An agent is software wrapped around a model: the same LLM plus tools and a plan (what to do next, what to call, when to stop).
An agent can search the web, run code, read and write files, call APIs.
The model answers a question. The agent does a task.
Agent = model + tools + planning.
The model knows. The agent acts.
"Research competitors and write a report" — the agent picks the steps: search → read sites → compare → save
report.md. You set the goal, not every click.
A subagent is an agent started by another agent for part of a job.
For the same competitor-report task, the manager agent delegates:
The manager assembles the result.
Why: separate roles, parallel work, less noise in each agent's context.
When it's overkill: a one-sentence task ("write a sort function") — one agent or even plain chat with a model is enough.
One task — "Research competitors and write a report" — looks different at each level:
| Level | What you get |
|---|---|
| Model in chat | Advice and a plan, no real search, no file |
| Product with search (ChatGPT, etc.) | Report in chat with fresh data, disk untouched |
| + tools | Web search, fresh data in the reply |
| Agent | Search, draft, report.md in your project |
| Agent + subagents | Search, analysis, and writing in parallel; manager merges |
The full hierarchy (beyond this example) is in the diagram at the top.
A workflow is several model calls following a fixed plan. You control every step.

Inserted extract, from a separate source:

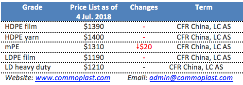In fact, Chinese buyers reported having purchased these cargoes at $1350/ton or HDPE film, $1360/ton for HDPE yarn, $1150/ton for LDPE film and at $1170/ton for LDPE heavy duty, all based on CFR China, LC AS term.

Example: bug screenshot → description → repro steps → completeness check → polish. A "creator + critic" pattern.
An agent gets a goal and tools; the model chooses the order of steps.
Fixed plan: (1) list 5 competitors, (2) price table, (3) conclusion text — three scripted model calls → workflow. One line "make the report," steps chosen on the fly → agent.
| Workflow | Agent | |
|---|---|---|
| Step plan | Yours upfront | Decided as it goes |
| Control | Maximum | By goal |
| When | Steps are known | Steps are unclear |
Think ChatGPT is the model → you expect actions chat can't do. "Why didn't it update my file?" — because it's a product without disk access.
Think an agent is just a smart chat → you're surprised by odd choices. An agent acts; more capability — more ways to get it wrong.
Confuse agent and subagent → you overcomplicate simple work. Three subagents for one function is too much.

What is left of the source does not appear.